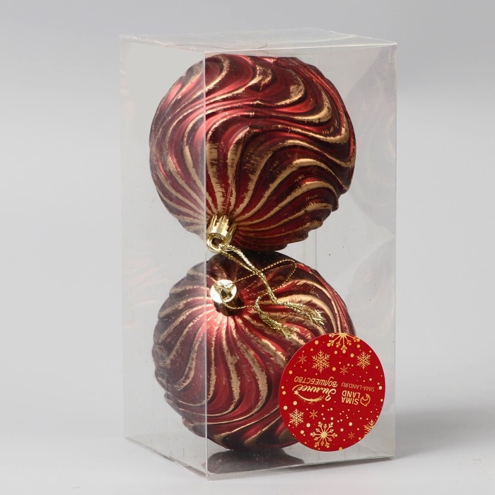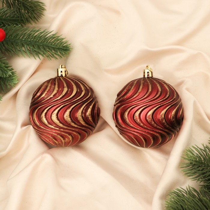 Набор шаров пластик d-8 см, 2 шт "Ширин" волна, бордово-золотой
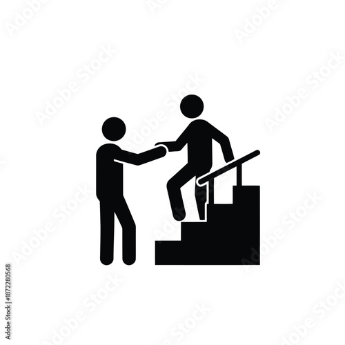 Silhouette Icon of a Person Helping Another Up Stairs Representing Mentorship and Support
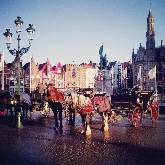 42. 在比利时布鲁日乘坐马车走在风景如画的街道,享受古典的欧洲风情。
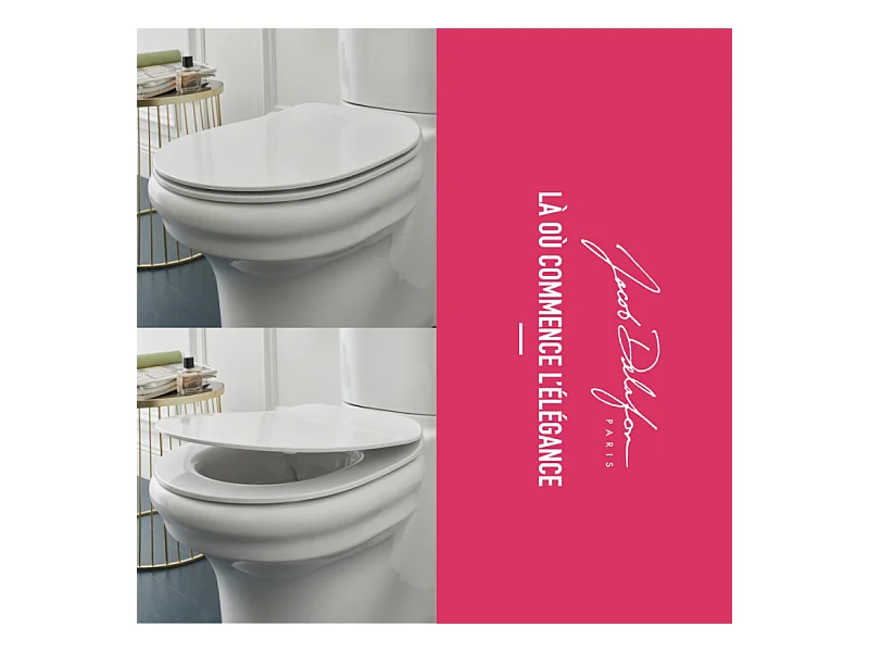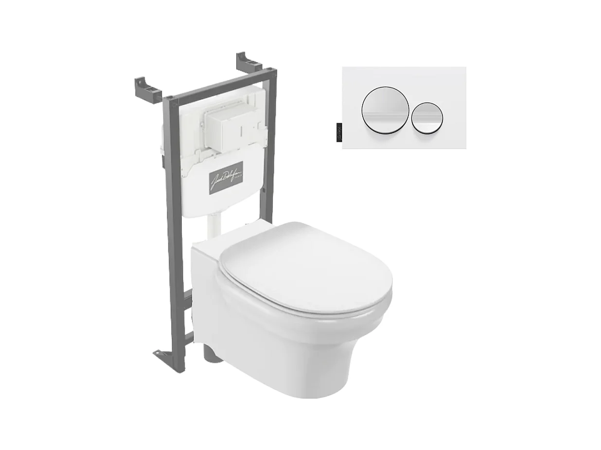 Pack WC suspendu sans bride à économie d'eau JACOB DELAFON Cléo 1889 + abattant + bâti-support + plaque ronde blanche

────────────────

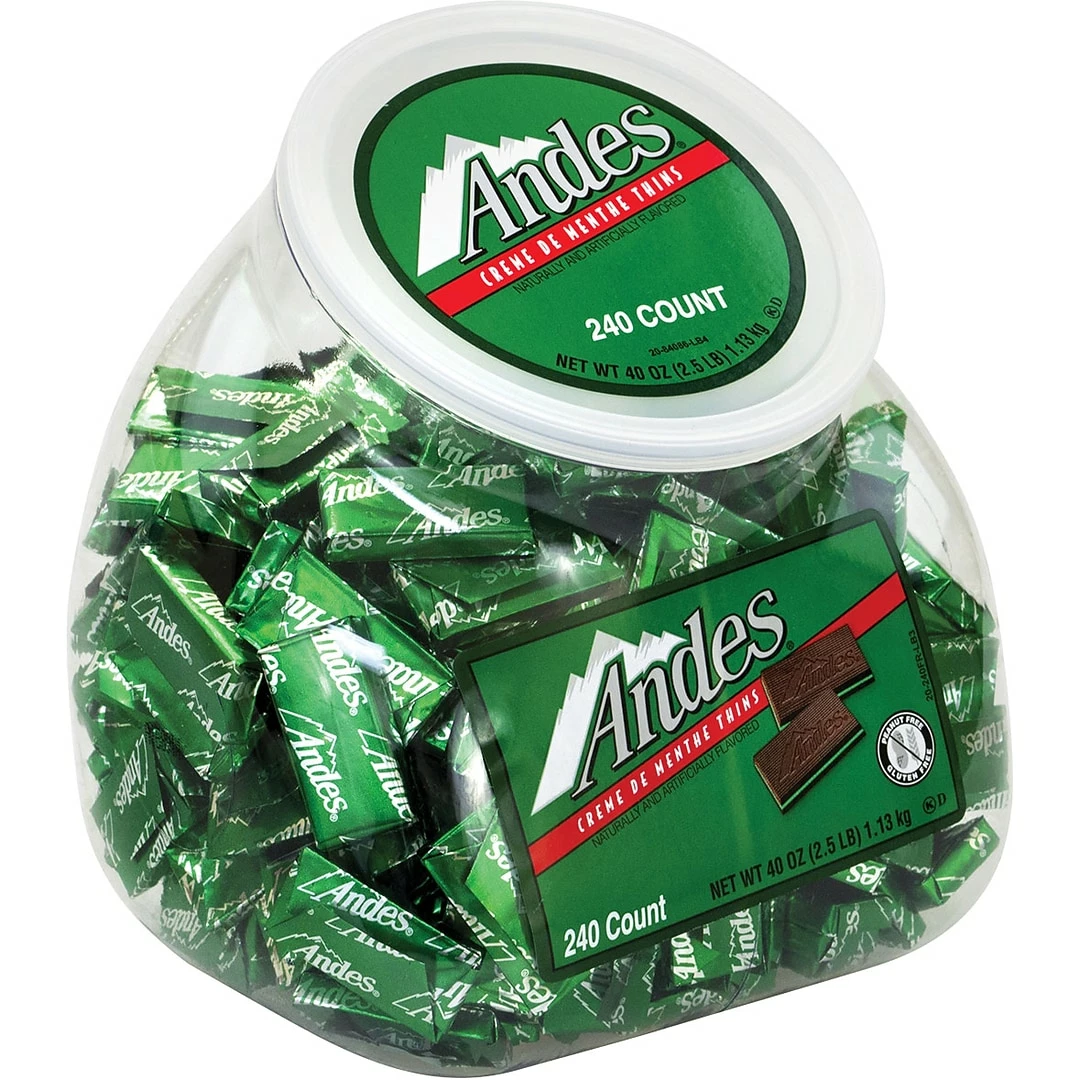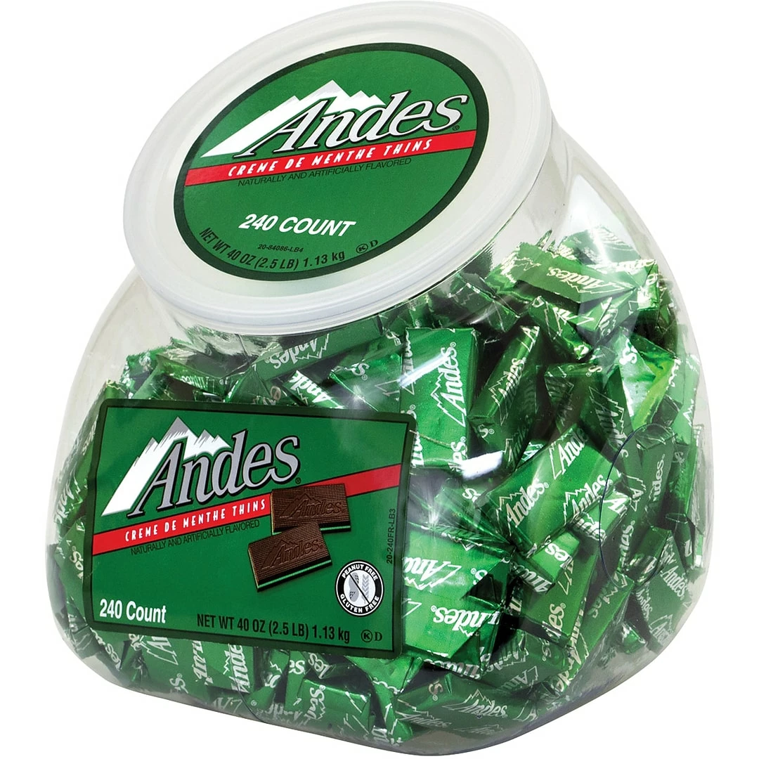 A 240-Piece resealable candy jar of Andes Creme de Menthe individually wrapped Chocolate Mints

────────────────

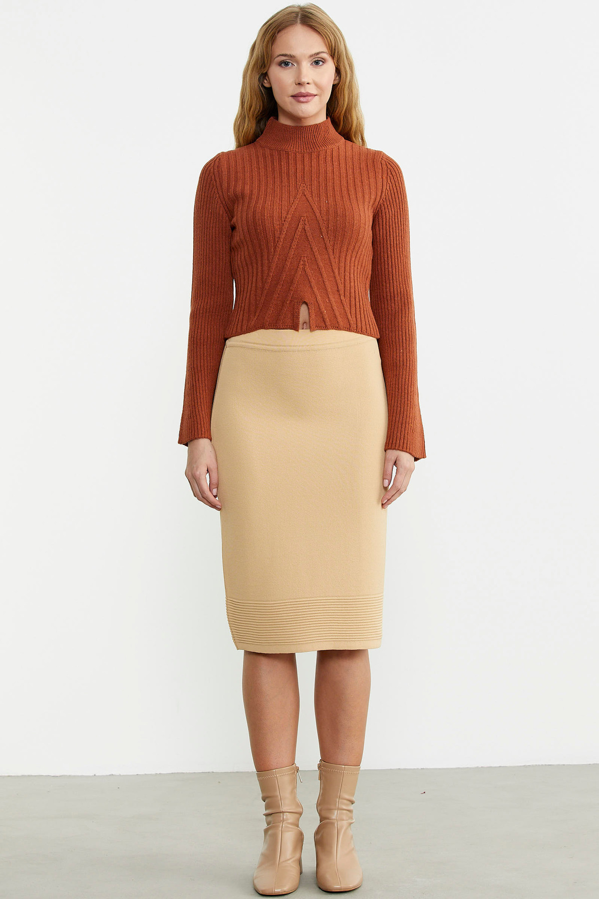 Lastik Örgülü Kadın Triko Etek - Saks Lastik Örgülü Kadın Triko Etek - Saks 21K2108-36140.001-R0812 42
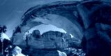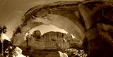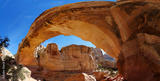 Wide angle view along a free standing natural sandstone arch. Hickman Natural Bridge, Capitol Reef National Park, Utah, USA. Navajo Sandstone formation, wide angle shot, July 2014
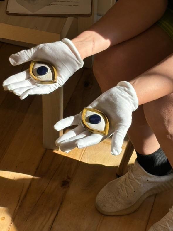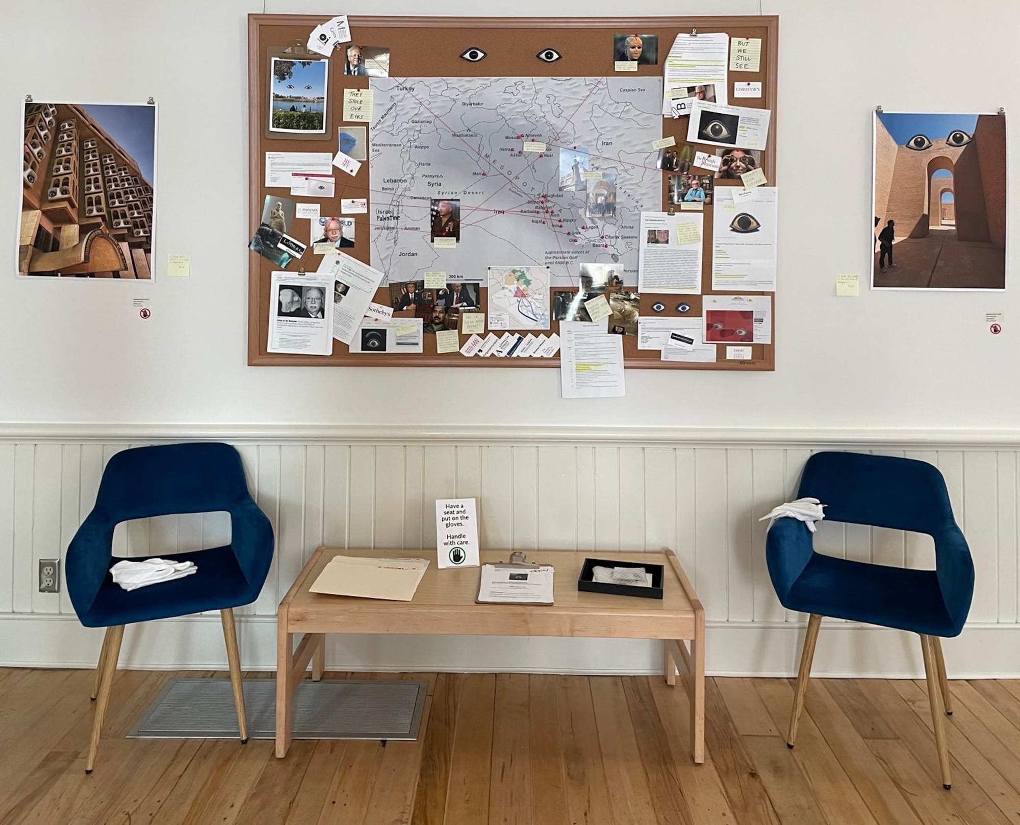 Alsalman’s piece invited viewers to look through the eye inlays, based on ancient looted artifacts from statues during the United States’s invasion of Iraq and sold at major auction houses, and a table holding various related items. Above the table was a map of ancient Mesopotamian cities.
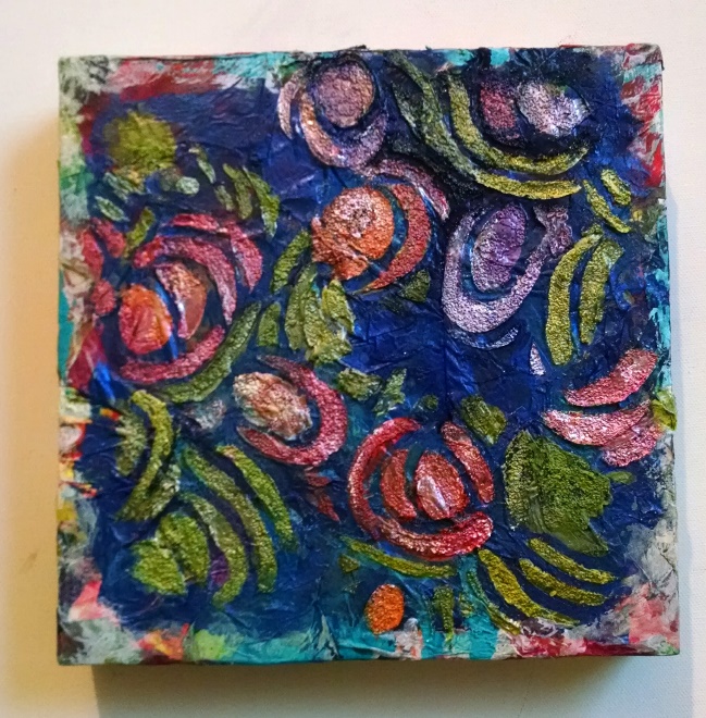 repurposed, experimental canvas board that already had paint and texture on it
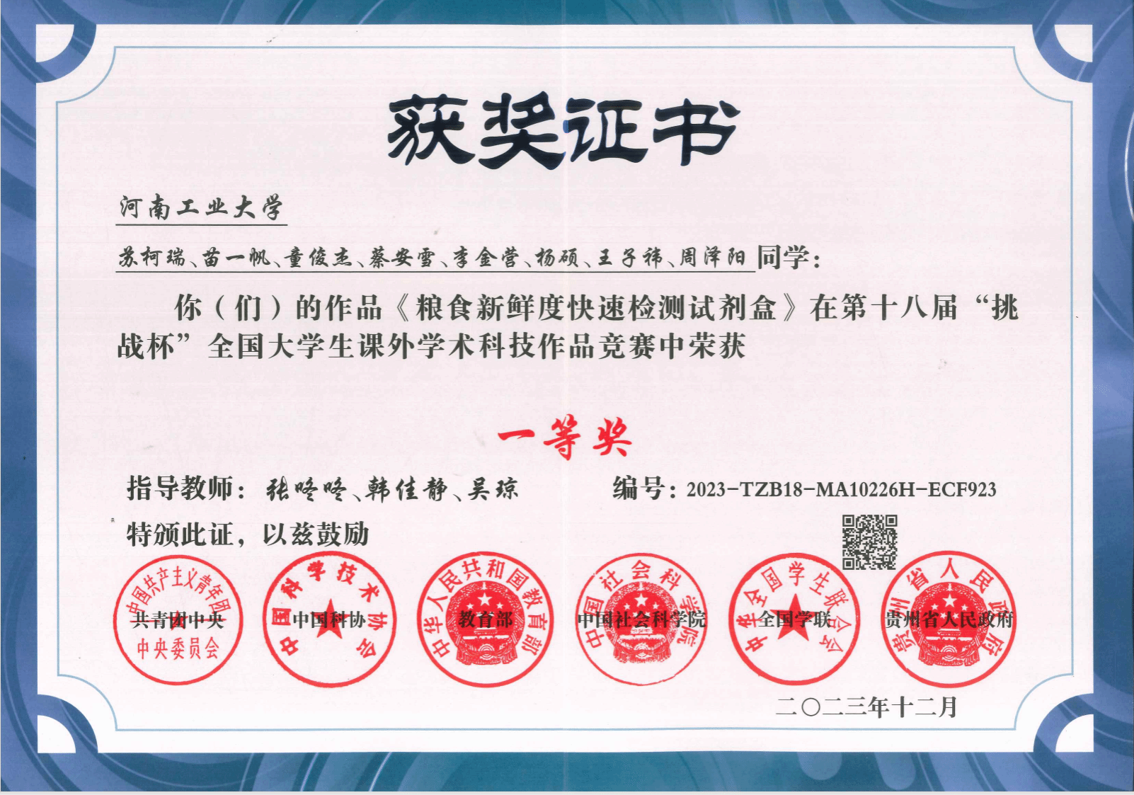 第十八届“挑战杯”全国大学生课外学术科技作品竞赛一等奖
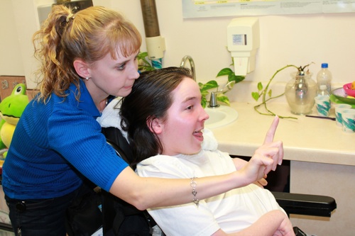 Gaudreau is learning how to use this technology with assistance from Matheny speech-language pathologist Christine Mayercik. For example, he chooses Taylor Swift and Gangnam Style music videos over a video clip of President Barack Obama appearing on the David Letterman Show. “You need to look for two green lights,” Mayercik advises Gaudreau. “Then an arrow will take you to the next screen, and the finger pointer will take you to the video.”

────────────────

Print nothing except the lines above from the one containing "42. 在比利时布鲁日乘坐马车走在风景如画的街道,享受古典的欧洲风情。" down to the one containing "Pack WC suspendu", both included, exactly as written and free of pictures.

## Reply to the task
 42. 在比利时布鲁日乘坐马车走在风景如画的街道,享受古典的欧洲风情。
 Pack WC suspendu sans bride à économie d'eau JACOB DELAFON Cléo 1889 + abattant + bâti-support + plaque ronde blanche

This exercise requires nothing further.